Incomprensiblemente subvalorada en el momento de su estreno, “Groundhog day” va por el camino, a día de hoy, de convertirse en un clásico de la comedia norteamericana. Me siento orgulloso de pertenecer a esa cada vez más numerosa legión de incondicionales de esta película que hubiera podido firmar Sturges, Wilder o el mismísimo Capra y que, como los grandes vinos, envejecerá con solera y dignidad hasta codearse sin complejos con otras obras maestras de antaño como “Las tres noches de Eva”, “El apartamento” o “¡ Qué bello es vivir !”. Tiempo al tiempo.
Resulta por lo menos curioso hasta que punto un patético trailer o una promoción chapucera pueden convertirse en un arma de doble filo. Me explicaré:
He visto por primera vez “Groundhog day” casi 15 años después de su estreno. Increíble, pero cierto.
¿ Hasta qué punto nos afecta el marketing, la presión mediática, el “bombo y platillo”, las ( antiguas ) avalanchas en las colas de los cines ?. Personalmente ( y por fortuna ) muy poco. Soy profundamente reacio a consumir cine palomitero y las grandes superproducciones construídas a base de talonario me la traen floja. Francamente, si alguna vez me he dejado llevar por “el ímpetu de la manada” el resultado ha sido irremediablemente nefasto.
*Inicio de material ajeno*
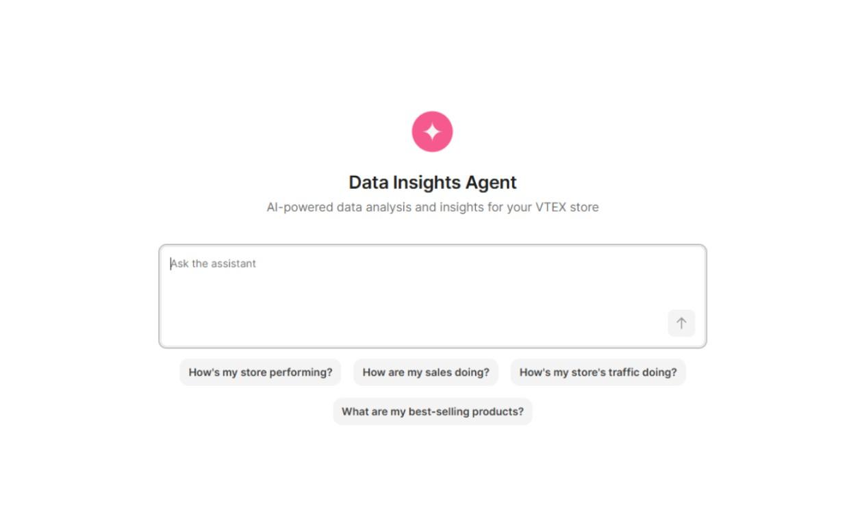To interact with the agent and start analyzing your store data, in the VTEX Admin, go to Dashboards > Data Insights Agent or type Data Insights Agent in the search bar. The page includes a conversation window and suggested questions to help you start an analysis with the assistant.

En cambio, las recomendaciones más personales, francas y sensatas, me han conducido indefectiblemente a beneficiarme de auténticos “pecios” cinematográficos, tesoros con demasiada frecuencia ocultos entre toneladas y toneladas de bazofia. En este caso, el inefable boca a boca ha seguido su curso y, como casi siempre, ha funcionado con parsimoniosa eficacia. Ya lo dice el refrán: “lo bueno siempre se hace esperar”. Gracias Txarly, gracias Grandine, por revelarme obras como la que nos ocupa. Sin vuestro poder de convicción nunca habría llegado hasta ella.
spoiler:
Por lo demás, poco más a añadir a las extraordinarias críticas de JFH, Amor perro y vircenguetorix. “Groundhog day” constituye una “rara avis” cuyas credenciales la asocian inicialmente a la siempre defenestrada “comedia romántica”, género habitualmente emparentado a productos de marcado carácter gazmoño, tontorrón o supérfluo. Craso error si ello lo pretendemos atribuir a “Groundhog day”. La película de Ramis es en realidad una comedia inteligente, endiabladamente divertida y, por si fuera poco, rebosante de referencias para todos los gustos: éticas ( la evolución desde el egoísmo más recalcitrante al altruismo más loable ), metafísicas ( el dúo inmortalidad - eternidad ), literarias ( ¿ Quién no rememora al Mr. Scrooge de “Cuento de Navidad” de Charles Dickens en la figura de Phil ), cinéfilas ( Bill Murray reencarnando una singular versión de James Stewart en “¡ Qué bello es vivir !” ) e incluso mitológicas ( el castigo de Sísifo ). ¿ Qué más añadir ?..., ¿ Un guión que roza la cuadratura del círculo ?, ¿ Unas interpretraciones de Oscar sin Oscar ?, ¿ el “deja vu” llevado al paroxismo ?, ¿ una pesadilla descojonante ?...
En fín, una película sin desperdicio. Véanla…, una…, dos…, tres veces. Yo pienso hacerlo.
Por cierto, esta película es de 9 para arriba, pero no se lo digais a quién no merezca verla. Yo prometo subirle la nota la próxima vez que la vea.